= Genus (linguistics) =

In linguistics, a genus is a group of phylogenetically related languages inside a linguistic family, in particular a genus is a group of languages which can be recognized as related languages without using complex methods of historical linguistics. The notion of genus was proposed by M. Dryer, and is used commonly in some academic projects such as WALS. According to WALS most families can be subdivided into a certain number of genera, so the notion is similar to the term subfamily.

== Introduction ==

=== Language families ===
Since the 18th century, linguists have classified languages according to phylogenetic criteria. Before the 18th century, the common origins of Germanic languages or Slavic languages had been recognized. Many authors hypothesized that each of these language groups derived from a common "mother language" (in a similar way in which Romance languages derive historically from Latin). The philologists of the 19th century called a group of related languages a "family of sister languages" (generalizing the genealogical metaphor). When a "mother language" is undocumented, but can be partially reconstructed from its "daughter languages", one refers to this language as a proto-language.

With the development of comparative linguistics and the establishment of historical linguistics as a scientific discipline, more "language families" were recognized, and more proto-languages were proposed.

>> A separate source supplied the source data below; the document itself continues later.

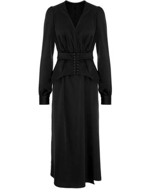 Mist Lace Belted Midi Dress - Black
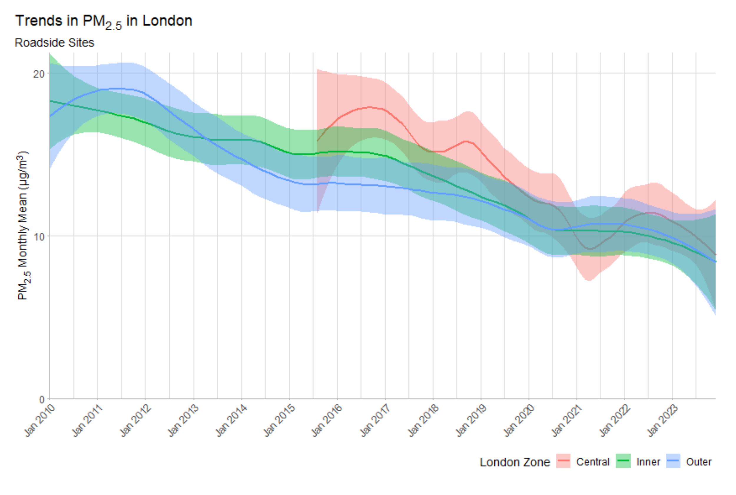 The graph below shows how much annual average PM2.5 air pollution has changed in the last 15 years in London. In the early 2000s, annual levels were around 2 times higher than today, with many areas now within the UK limits and moving towards the WHO guideline. From Figure 8 of Air Quality in London 2016-2024, Greater London Authority, 2024.
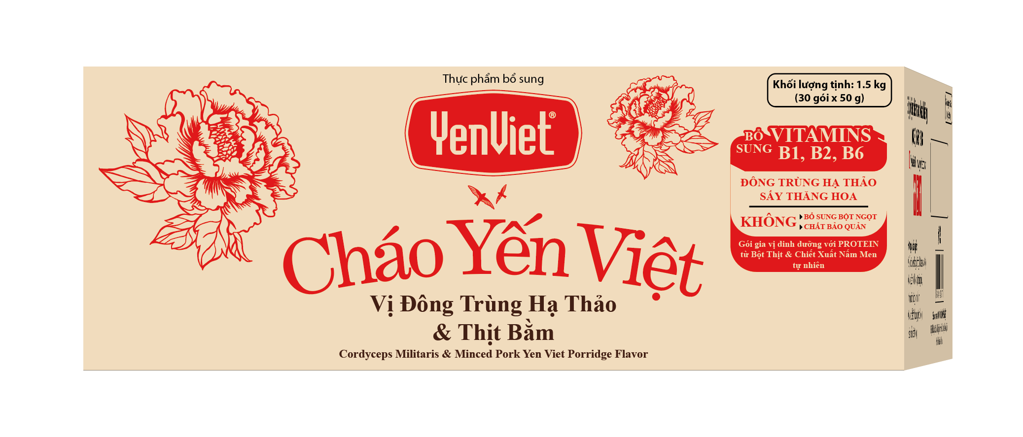 - Gói đông trùng hạ thảo: Thịt sấy (thịt heo, thịt gà), đạm đậu nành, cà rốt sấy thăng hoa, nấm tuyết sấy thăng hoa, đông trùng hạ thảo sấy thăng hoa (60 mg/50 g), tổ yến sấy thăng hoa (5 mg/50 g).

=== Lack of comparability ===
There are some problems when one tries to compare language families. Some families are huge, and their proto-languages were spoken several millennia ago, but other families are tiny and their ancestor languages seem to have been spoken more recently. Indeed, the establishment of an accepted language family depends on the quality of the documentation and the amount of comparative work done in each group of languages. Obviously, the languages of Europe were well known in the 19th century, and the Indo-European language family was well-established early on. As to the remainder of the world languages, in the 19th century only a few language families were identified, often in an incomplete manner (the Bantu and Malayo-Polynesian languages were recognized as groups of related languages, but not the Niger–Congo or Austronesian languages).

=== Genera ===
On the other hand, all the genera are internally much more homogeneous than language families. In addition, most language genera seem to involve more or less the same time depth. For these reason, genera are much more suitable for typological comparison than language families.

== Bibliography ==
- Dryer, Matthew S. 1989. "Large linguistic areas and language sampling". Studies in Language 13, pp. 257–292.